The Average Inches Per Stride in Running

Shelly-Ann Fraser-Pryce edges Carmelita Jeter in the women's 100 meters in Moscow in 2013.
i Mark Kolbe/Getty Images Sport/Getty Images

Success in competitive running in the sprint distances depends on a simple but ironclad formula: Stride length times stride rate equals speed. So if you run in the 100 to 400 meters, you may want to measure your stride length and compare it to typical averages. A typical Nestie isn’t going to be anything remotely near Usain Bolt’s 10-foot stride length, and may be closer to about two-thirds of that figure.

Measuring Your Stride

    The easiest way to measure your stride is to head to an athletic facility with a standard 400-meter track with markings to also indicate intermediate distances. After warming up by jogging, run a single circuit at your typical pace over your typical distance -- 100, 200 or 400 meters -- counting each step. Divide the distance by the number of steps to come up with your meters per stride -- the measure used by exercise researchers -- or enter the figures into an online calculator. You can convert meters to inches by multiplying by 39.3.

Height Formula

    If you are an average American woman of 5 feet, 4 inches in height, or 64 inches, you can anticipate that your length per stride will be in the range of 73 to 86 inches.
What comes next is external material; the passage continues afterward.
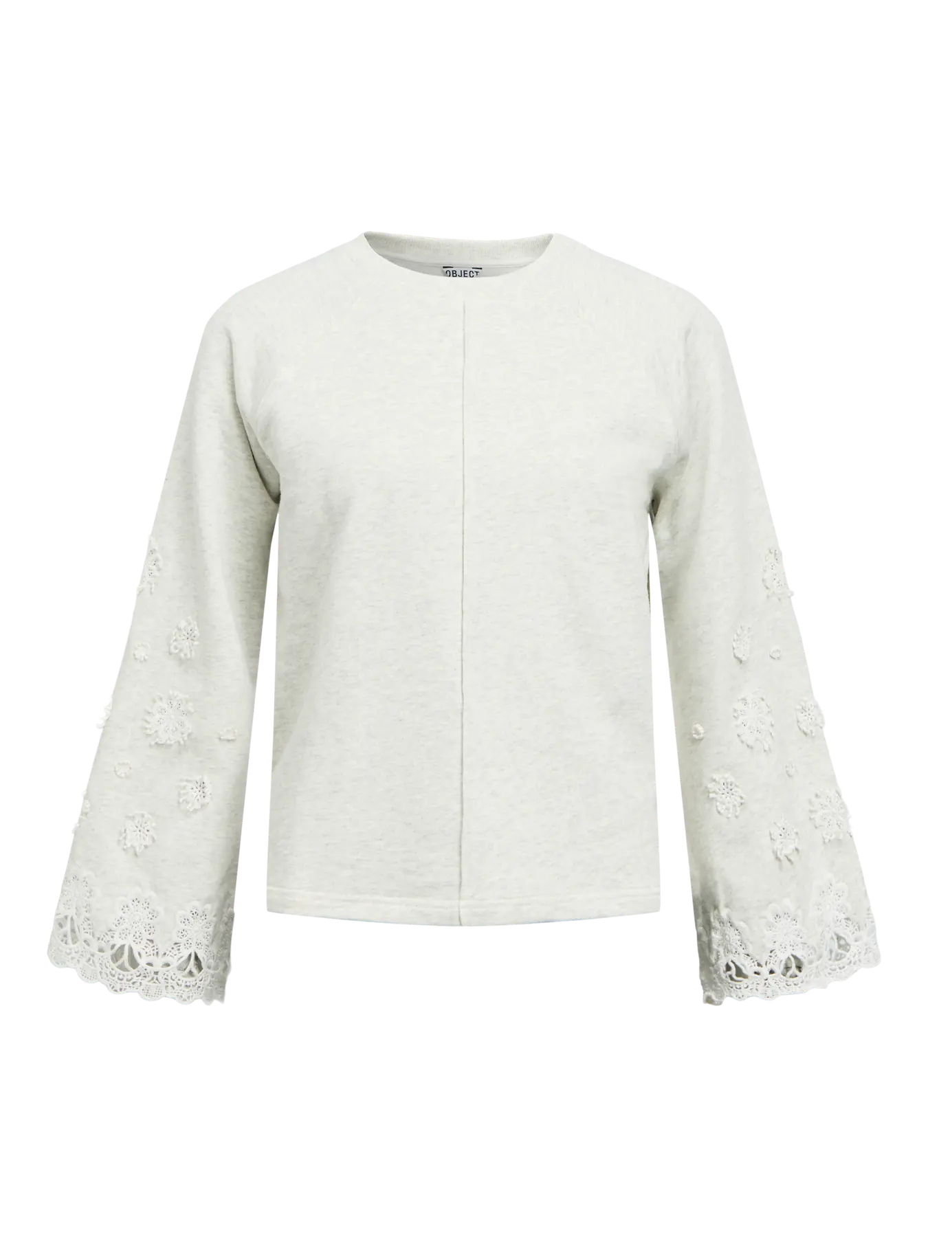 Sudadera gris clarita con bordados en manga, ancha y fluida

This is based on formulas regarding studies of 100-meter specialists that predict a stride length of between 1.14 to 1.35 times the athlete’s height. If you are taller, say 5 feet, 8 inches, you obviously will have a proportionately greater predicted stride length -- around 78 to 92 inches. But you have a greater mass to move over the sprint distance, so you will need to be proportionately stronger.

Elite Level

    Sports scientists at the Korea National Sport University interested in the biomechanics of stride length studied female sprinters, including Carmelita Jeter and Shelly-Ann Fraser-Pryce, at a 2011 championships in South Korea. They found a slightly shorter stride length associated with faster times in the 100 meters. The competitors measured right around 2 meters -- 80 inches or so -- or longer in terms of stride length. The height of the competitors ranged from 160 to 164 cm in height, or 5 feet, 3 inches to 5 feet, 5 inches tall. Shorter stride length and greater stride frequency worked to predict faster finishes, the researchers found.

Applying What You Find

    You can likely live with a fair range of results in your stride length, but if your stride rate is much under 180 steps per minute, you need to work on a faster, lighter pace, notes running coach Jack Daniels in “Daniels Running Formula.” Daniels is an advocate of turning slow-turnover runners into fast-turnover runners for immediate results. And if you wonder why men are faster than women at each sprint distance -- it’s not their very similar stride rates, it’s their much greater stride length that makes the difference.